User relationship on Twitter are derived from its “follower-followee” mechanism, the core of this mechanism is building a follow relationship between two users. You can follow other users at any time, which means to become the “follower” of others, and meanwhile they are your “followee”. User can also follow each other, as both “follower” and “followee”. However, the unidirectional relationship and bidirectional relationship between two users represent two different dimensions of social connections. It is because based on this special relation, Twitter truly realize the “retweeting” function–tweet spread from your followees to yourself, and further to your followers and so on. At last, the diffusion is achieved. Therefore, the multi-dimensional relationships and interactive retweeting behaviors are the basic reasons for information diffusion on Twitter.
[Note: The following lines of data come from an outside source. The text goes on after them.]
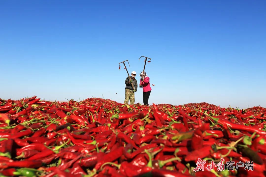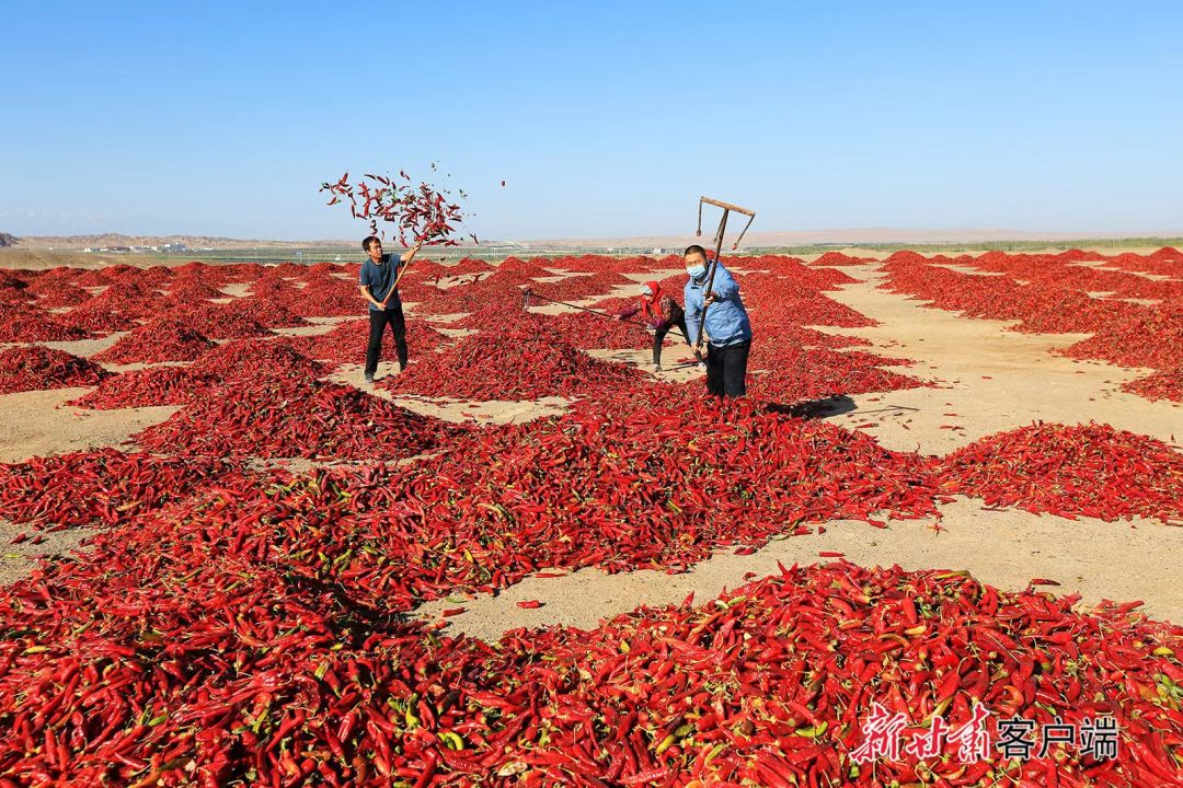 金塔县种植户抢抓晴好天气晾晒辣椒。新甘肃·甘肃日报通讯 曹红祖 马玉福
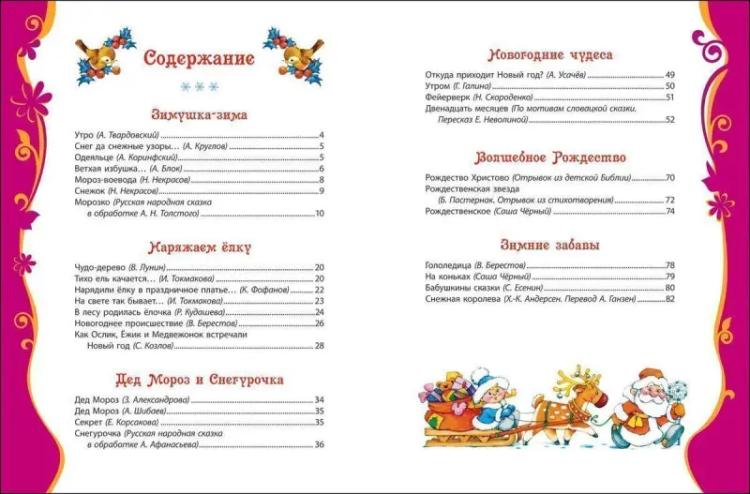 В этой большой новогодней книге собраны замечательные произведения о зиме, новогодних чудесах и ёлочке, Дедушке Морозе и Снегурочке, зимних забавах и, конечно, Рождестве. «Снежная королева» Х.-К. Андерсена, русские народные сказки, стихотворения А. Блока, Н. Некрасова, А. Толстого, А. Твардовского, А. Усачёва, Саши Чёрного и других классиков детской литературы красочно проиллюстрированы талантливыми художниками и переносят нас в мир новогодних чудес. Эта семейная книга для детей, их родителей, бабушек и дедушек подарит удовольствие от чтения увлекательных произведений в уютном домашнем кругу.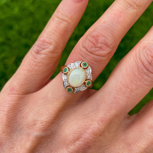 9ct Yellow Gold Gem Opal, Emerald & Diamond Ring

In this paper, we collect the actual data on Twitter and mine the characteristics of user relations and tweet retweeting at a coarse-grained level. The data set we adopted is available from [1], which has extracted the tweets during March and April of 2012. The dataset finally includes 78906 users and 32992 tweets after our pre-processing. We also reconstruct a following relation network and an interaction network from the actual data. This dataset has been found to be very detailed and complete hence is a good test bed for studying the power-law distributions on Twitter. achieved. Therefore, the multi-dimensional relationships and interactive retweeting behaviors are the basic reasons for information diffusion onTwitter.
Related work
There have been lots of researches concerning the social network on Twitter. We roughly divide these contributions into two categories:
The first category is from the characteristics of relationship network. Among these contributions, Kwak et al. focus on the topology of the follower-followee network, and report some complex properties in this network, such as degree distribution with power-law behavior, small mean distance between nodes and modular structure [2]. Another contribution is found in Huberman’s work. Huberman and his team members reveal a sparser and simpler network of actual friends from a very dense one made up of followers and followees, it has been observed that individuals do not actively interact with all of the declared contacts, but only with a small fraction of actual friends [3].
The second category is emphasis on the characteristics of interaction network. For example, Xia et al. crawl Twitter data and mine the information spreading based on users’ retweeting behavior on it. They find the power-law distribution of the retweet-width and retweet-depth, and further study correlation between these two features [4]. And, Lerman et al. measure some macroscopic properties of the principal cascades, such as size and diameter, and plot their scale-free distribution during the period of information propagating on Twitter network. They find a cascade will branch broadly and increase in size when a highly connected hub joins this cascade. However, the hub node won’t affect the depth of the cascade as much as its spread [5].
Different from the above works, in this paper, we mine the power-law in both relationships and interaction network, and further study how them lead to the emergency of multiple patterns of tweet retweeting path, which is the exploration of information propagation on social network more in depth. In fact, on the one side, power-law distribution is one of the important features of social networks, research the power-law characteristics based on different entities on different dimensions could provide important criterion to measure the effectiveness of the dynamic model of human behavior. On the other hand, tracking and analyzing the tweet retweeting on Twitter is conducive to our understanding in the information diffusion process, thus more efficient use of social network open platform, such promote the advertising marketing through different dimensions connections.
Power-law distributions
Social network is a kind of typical scale-free network [6]. While the core characteristic of scale-free networks is that, most of the nodes in the network only connect to a small number of other nodes, and there also exist few nodes connecting to a huge number of nodes. Statistically, this phenomenon is characterized as power-law distribution.
On the one hand, the social network mainly includes relationship network and interaction network. The relationship network has multiple dimen-sional connections and the interaction networkconsists of diversified entities.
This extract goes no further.